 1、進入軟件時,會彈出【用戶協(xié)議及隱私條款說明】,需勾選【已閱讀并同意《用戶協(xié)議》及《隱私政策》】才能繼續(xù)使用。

--

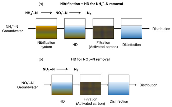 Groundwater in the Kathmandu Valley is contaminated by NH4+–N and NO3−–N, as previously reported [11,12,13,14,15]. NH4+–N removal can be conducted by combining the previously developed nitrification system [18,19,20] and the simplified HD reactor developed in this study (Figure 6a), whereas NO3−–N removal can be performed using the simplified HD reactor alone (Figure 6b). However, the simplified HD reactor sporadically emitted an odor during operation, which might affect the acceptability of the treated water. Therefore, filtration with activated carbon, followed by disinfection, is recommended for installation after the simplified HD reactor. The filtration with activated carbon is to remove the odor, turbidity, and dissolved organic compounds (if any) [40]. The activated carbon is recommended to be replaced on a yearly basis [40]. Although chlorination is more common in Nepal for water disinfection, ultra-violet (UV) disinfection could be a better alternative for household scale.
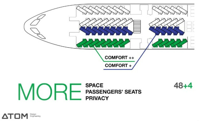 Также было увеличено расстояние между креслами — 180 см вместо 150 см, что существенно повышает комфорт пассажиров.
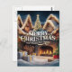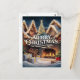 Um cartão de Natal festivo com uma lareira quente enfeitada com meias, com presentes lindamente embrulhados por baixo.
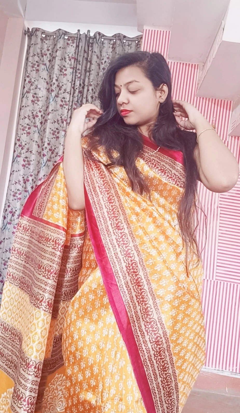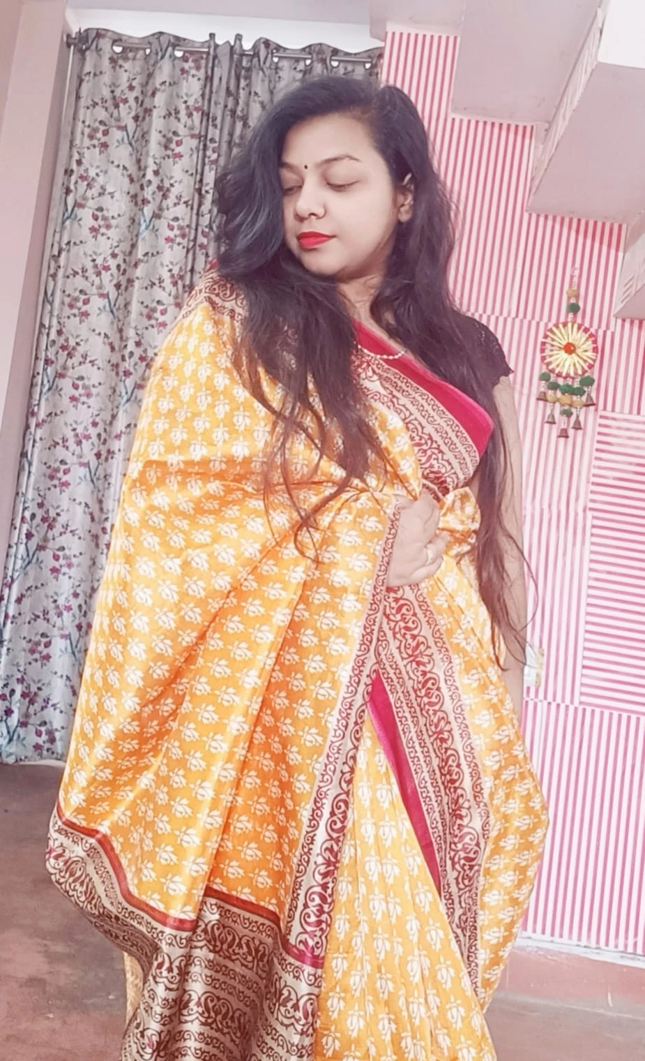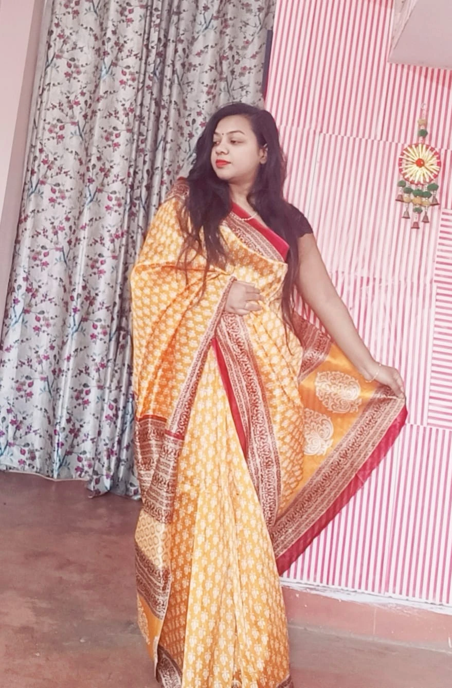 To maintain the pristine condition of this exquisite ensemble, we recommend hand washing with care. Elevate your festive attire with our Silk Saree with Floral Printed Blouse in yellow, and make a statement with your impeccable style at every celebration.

--

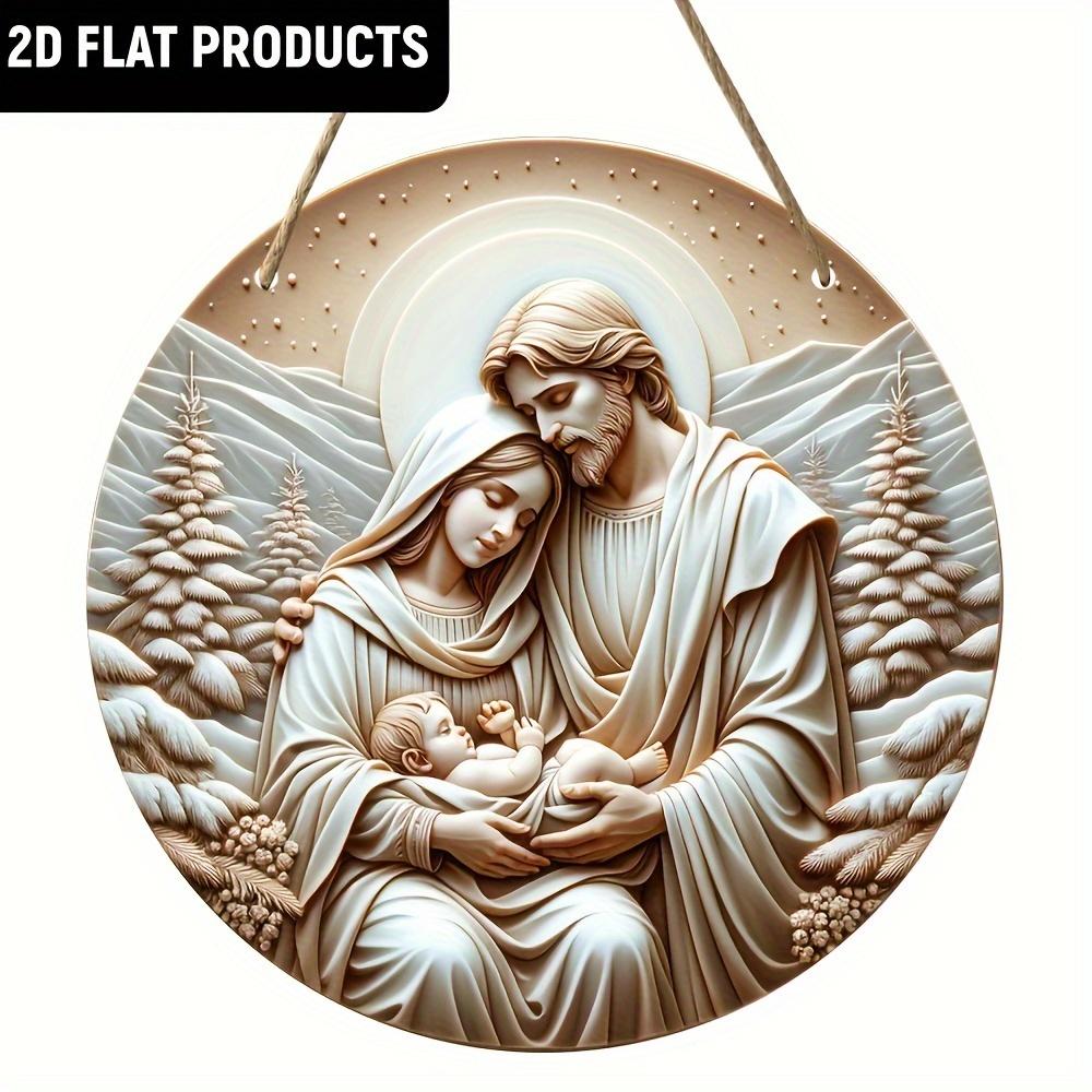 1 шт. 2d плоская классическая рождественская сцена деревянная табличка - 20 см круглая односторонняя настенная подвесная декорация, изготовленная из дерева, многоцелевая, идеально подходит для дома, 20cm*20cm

» AIM OF THE TASK
Transcribe, from the material above, the stretch starting at the line with "Также было увеличено" and ending at the line with "Um cartão de", both included, exactly. Do not carry over pictures.

» RESPONSE BOX
 Также было увеличено расстояние между креслами — 180 см вместо 150 см, что существенно повышает комфорт пассажиров.
 Um cartão de Natal festivo com uma lareira quente enfeitada com meias, com presentes lindamente embrulhados por baixo.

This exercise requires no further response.